Est-il obligatoire d'avoir un architecte pour une maison de moins de 150 m² ?

Non, la loi 016-89 n'impose l'architecte que pour les constructions dépassant 150 m² de surface couverte. Cependant, nous le recommandons vivement même pour les petits projets, car l'architecte garantit la conformité aux règles d'urbanisme, optimise l'agencement et sécurise le permis de construire. Sans architecte, vous risquez de voir votre permis refusé si les plans ne respectent pas le plan d'aménagement.

Que faire si le maalem refuse de signer un contrat ?

Un professionnel qui refuse de signer un contrat est un signal d'alarme. Cela signifie qu'il n'est pas prêt à s'engager sur les prix, les délais et la qualité. Changez de prestataire. De nombreuses entreprises de construction formelles au Maroc acceptent les contrats écrits. Le contrat est votre seule protection en cas de litige.

Combien coûte une étude de sol au Maroc ?

Une étude géotechnique de type G2 AVP coûte entre 5 000 et 15 000 MAD selon le nombre de sondages et la difficulté d'accès au terrain. Pour une villa standard, comptez 7 000 à 10 000 MAD au LPEE. C'est un investissement dérisoire comparé aux 100 000 à 500 000 MAD que peut coûter la réparation de fondations inadaptées.

Comment vérifier la qualité des matériaux livrés sur chantier ?

Plusieurs vérifications simples : pour le ciment, vérifiez la date de fabrication (< 3 mois) et le marquage NM. Pour le fer à béton, exigez le certificat de conformité Sonasid et vérifiez le marquage sur les barres.

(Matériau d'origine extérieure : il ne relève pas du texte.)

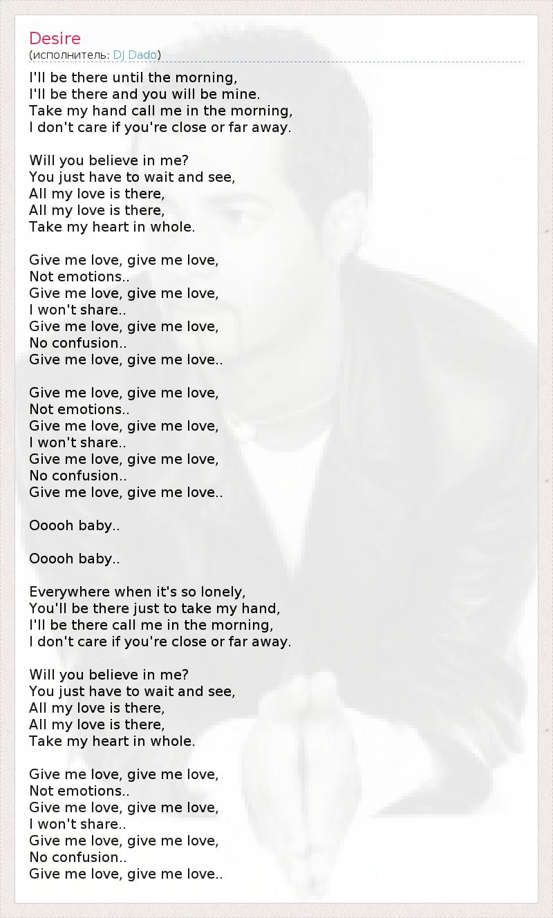 Я буду здесь до утра, Я буду здесь, и ты будешь моим. Возьми мою руку, позови меня средь утра, Мне неважно, близко ты или далеко. Будешь ли ты верить мне? Ты просто должен подождать и увидишь, Что вся моя любовь здесь, Вся моя любовь здесь, Возьми моё сердце полностью. Дай мне любовь, дай любовь, Не эмоции.. Дай мне любовь, дай любовь, Я не поделюсь.. Дай мне любовь, дай любовь, Без смущения.. Дай мне любовь, дай любовь.. Дай мне любовь, дай любовь, Не эмоции.. Дай мне любовь, дай любовь, Я не поделюсь.. Дай мне любовь, дай любовь, Без смущения.. Дай мне любовь, дай любовь.. Уууу малыш.. Уууу малыш.. Везде, где будет одиноко, Ты будешь рядом, чтобы взять меня за руку, Я буду там, позови меня средь утра, Мне неважно, близко ты или далеко. Будешь ли ты верить мне? Ты просто должен подождать и увидишь, Что вся моя любовь здесь, Вся моя любовь здесь, Возьми моё сердце полностью. Дай мне любовь, дай любовь, Не эмоции.. Дай мне любовь, дай любовь, Я не поделюсь.. Дай мне любовь, дай любовь, Без смущения.. Дай мне любовь, дай любовь..

Pour le sable, faites un test simple : prenez une poignée, frottez-la — si elle laisse des traces de terre ou sent le sel, refusez-la. Pour le béton prêt à l'emploi, exigez le bon de livraison avec la résistance (B25 minimum pour le béton armé).

Que risque-t-on à construire sans permis au Maroc ?

La construction sans permis est passible d'une amende de 10 000 à 100 000 MAD, d'un emprisonnement de 1 à 3 mois, et d'une démolition aux frais du propriétaire (article 71 de la loi 12-90). De plus, vous ne pourrez pas obtenir le certificat de conformité, ce qui empêche le raccordément définitif aux réseaux et la vente légale du bien. Ces dernières années, les communes appliquent de plus en plus strictement ces sanctions.

Sources : Loi 12-90 relative à l'urbanisme, loi 016-89 relative à l'exercice de la profession d'architecte, loi 59-13 relative à l'assurance construction, RPS 2000 (version révisée 2011), Ordre National des Architectes du Maroc (ONAM), données LPEE (2025-2026).